Wednesday, 23 September 2015

TANDQ 04: Riffing On Khan

In 2014-2015 I wrote an education column called "There Are No Dumb Questions" for the website "MuseHack". As that site has evolved, I have decided to republish those columns here (updating the index page as I go) every Wednesday. This fourth column originally appeared on Thursday, July 3, 2014.

How can you tell when criticism is justified?

Look for certain telltale signs. I’ll expand on that below, after I tell you what Khan Academy has in common with old movies. Specifically, about something called “Mystery Teacher Theatre 2000”.

Odds are good that you’ve heard about Khan Academy. But let me quickly recap the history. Ten years ago, in 2004, Salman Khan posted videos on YouTube to help his cousin with seventh grade math. YouTube being a public forum, he got positive feedback not just from relatives, but from many people. Thus the not-for-profit “Khan Academy” was created, and in 2009, Khan decided to turn this hobby of making videos into his profession, quitting his job as a hedge fund analyst. In 2010, Bill Gates advocated for Khan at the Aspen Ideas Festival. That same year, “Khan Academy” won one of 5 two million dollar prizes from Google. In 2011, Salman Khan gave a TED Talk about using his videos to reinvent education. In 2012, he was featured on “60 Minutes” and he was listed (as an educator) among “The World’s 100 Most Influential People: 2012” in Time Magazine. But something else also happened in 2012.

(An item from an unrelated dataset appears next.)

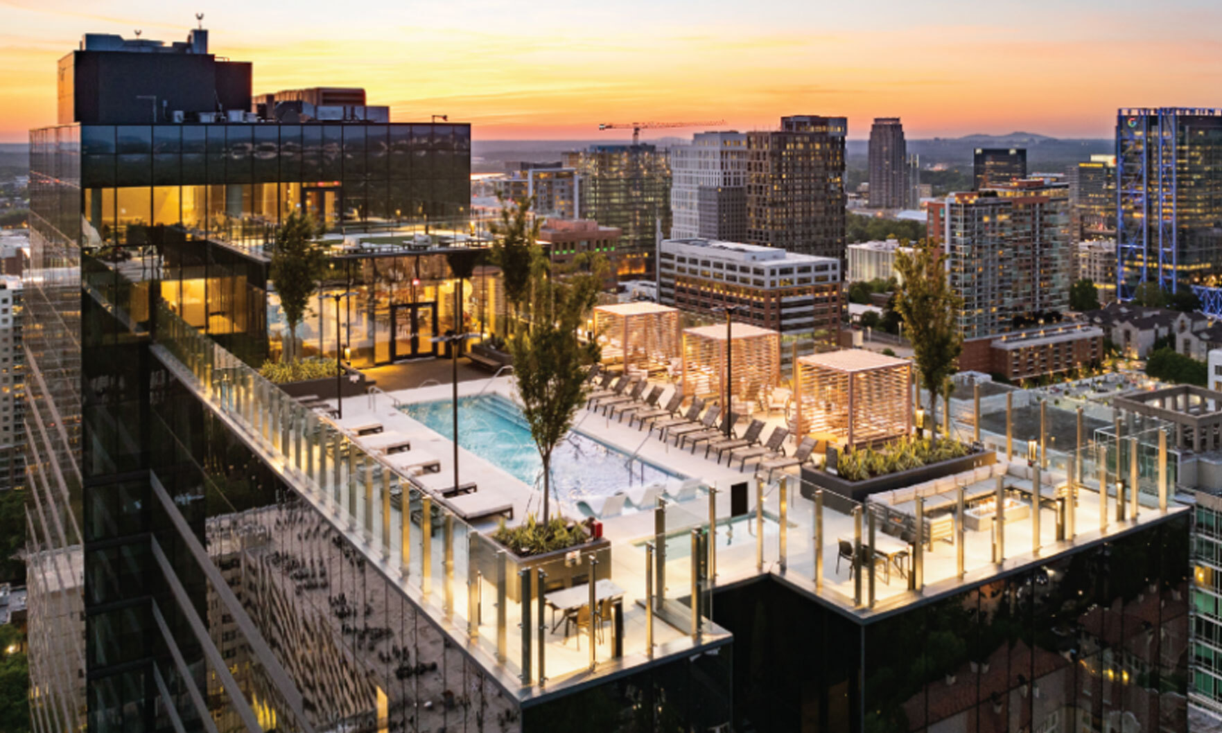 Outdoor amenities include a rooftop pool and lounge area, grilling stations, private cabanas and fire pits. Inside, there is a sauna and massage room, yoga studio, demonstration kitchen, recreation lounge and game room, co-working lounge and pet spa. The property, which is located at the southeast corner of Peachtree Street NE and 8th Street NE, also includes three street-level retail spaces totaling 7,843 square feet.
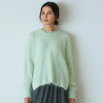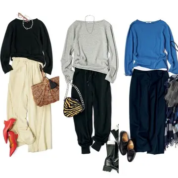ニットとゆるパンツのカジュアルなスタイリングも、やさしいトーンでまとまれば女性らしい華やかさが手に入る。カシミヤ混の肌ざわり抜群のニットは、ベーシックな形でありながら、袖だけふんわりさせたバランスが新鮮で、大人にちょうどいい甘さを加える。

The “Mystery Teacher Theatre 2000” (MTT2K) videos began in June 2012. Two professors (Dave Coffey and John Golden) watched a Khan video, commenting in the style of “Mystery Science Theatre 3000” to “get a conversation started”. Justin Reich and Dan Meyer picked up on this idea, sponsoring an MTT2K prize for video critiques. (Incidentally, Meyer also has the credentials of a TED Talk, in 2010.) And conversation did occur. The media reported on the issue. Khan himself responded to one critic in The Washington Post. Many teachers made MTT2K videos (mine among them), the winning video looking at “What if Khan Academy was made in Japan?” And in fact, the very idea of videos being used for instruction had been critiqued a year earlier, in 2011 - here’s Veritasium’s look at “Effectiveness of Science Videos”. Increasing confidence in the wrong answers? That can’t be good!

Haters Gonna... Wait

Hopefully you’ve noticed that at least some of the criticism levelled at video instruction is valid. Don’t get me wrong - I’m not saying all criticism is valid, or that you should let a few people talk you out of pursuing your dreams. But I do think that this story illustrates how easy it can be for any of us to dismiss criticism of our work as “THEY don’t understand”. (Particularly when, as in Khan’s case, you have people in high places who are on your side.) So, to return to the original question, what are the signs that your critics may have a point, as opposed to just “haters gonna hate”?

First, look at their qualifications. When asked about why teachers were upset, Khan responded “It’d piss me off too, if I had been teaching for 30 years and suddenly this ex-hedge-fund guy is hailed as the world’s teacher”. But if “they” actually have qualifications you do not, it might not be that they are simply nitpicking. It may be that they have some understanding or experience that you lack. Just because you’re an innovator doesn’t mean you should disregard the history.  Secondly, look at the research. I’ve already mentioned confirmation bias, whereby we tend to find exactly what we’re looking for - whether it’s wrong or right. So is all your data anecdotal? Should we dismiss the Veritasium experiment above as a single incident, or is it worth doing further research? Finally, look at your goals. If they align with the goals of those people who are criticizing you, then perhaps it’s more beneficial that you all work together to get results. Granted, there are always those people who will be trying to tear you down so that they can “get the credit”, or have less competition. But if that’s their goal, presumably it doesn’t align with yours any more.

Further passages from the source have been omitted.